Posted on Sat 15th Oct, 2016 @ 2:38am by Lieutenant Ricardo Shepard

2,183 words; about a 11 minute read

Mission: Cloak & Dagger
Location: Primary Sickbay
Timeline: Shortly after the briefing posts

The shuttlecraft approached the escape pod slowly. It was a Federation pod, and the systems were running. There were life signs. And yet, the pod had made neither automated nor intelligent response to hails.

"Five meters," Ensign April Winter said. "Three."

"Stand ready," the ensign's sister, Second Lieutenant March Winter, instructed the two Marines in boarding armor. "Morgan, you have point."

The Lance Corporal nodded, shifted her grip on her phaser weapon.

"Contact," Ensign Winter said. The slight bump as the hulls connected made the announcement superfluous.

"Engaging umbilical," Lieutenant Winter said, and there was another bump. "Opening locks."

The airtight door on the shuttle end of the inflated tunnel opened, and Clarissa Morgan moved in, going to the far end. She checked the pressure indicator next to the pod's door, verifying that the far side had atmosphere. She activated the control, and the door swung open. The Lance Corporal crouched to the side, her phaser pointed into the pod. There was a moment of tension, then she lowered her weapon's muzzle slightly. "One," she said. "No weapon."

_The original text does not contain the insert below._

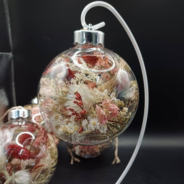 Transparante kerstbal van kunstof met droogbloemen excl. houder.

Lieutenant Winter moved up, looked inside. A single woman sat inside, strapped into one of the crew seats, staring blankly at the door. She wore the black and blue uniform of Starfleet Medical. Winter scanned her with a tactical tricorder, and read the information projected in her field of view by her helmet. "Doctor Addams?" She asked. There was no response. "Doctor Addams?" She snapped her fingers in front of the pale woman's eyes. "Doc?"

Addams stirred. "Lieutenant Shepard," she said, her voice still faint. "I told you before... a dock is a place where cargo is transshipped."

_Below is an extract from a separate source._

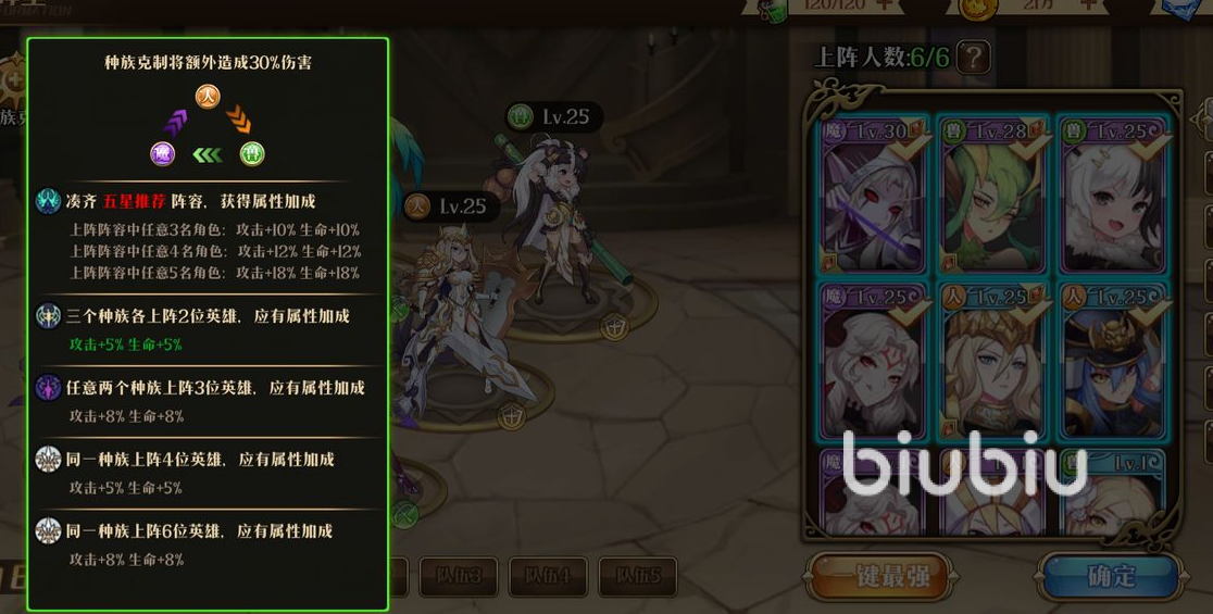 知道職業(yè)以后還要把英雄的種族分清楚,種族對(duì)于陣容的搭配也很重要。目前擁有的種族是人、魔、獸三種種族,當(dāng)同種族的英雄同時(shí)上場(chǎng)的話就會(huì)觸發(fā)種族力量,讓隊(duì)伍獲得特別的加成,提高戰(zhàn)斗屬性。

Lantz had watched the doctor's surface to consciousness. It seemed certain there had been some kind of brain activity going on, judging by the eye motions under the closed lids. Had she been dreaming? Remembering? What kind of story lay hidden in the recesses of the very unusual Addams brain?

"She's coming to, Jade." The Chief Operations Officer stated with a bit of relief in his voice. "Take it easy Doctor. How are you feeling right now?"

"There should be ten physicians and thirty nurses on-shift," Addams said, sounding irritated.

"And there are," a Vulcan in medical black-and-blue answered, stepping up. "You had an episode of syncope, Doctor Addams."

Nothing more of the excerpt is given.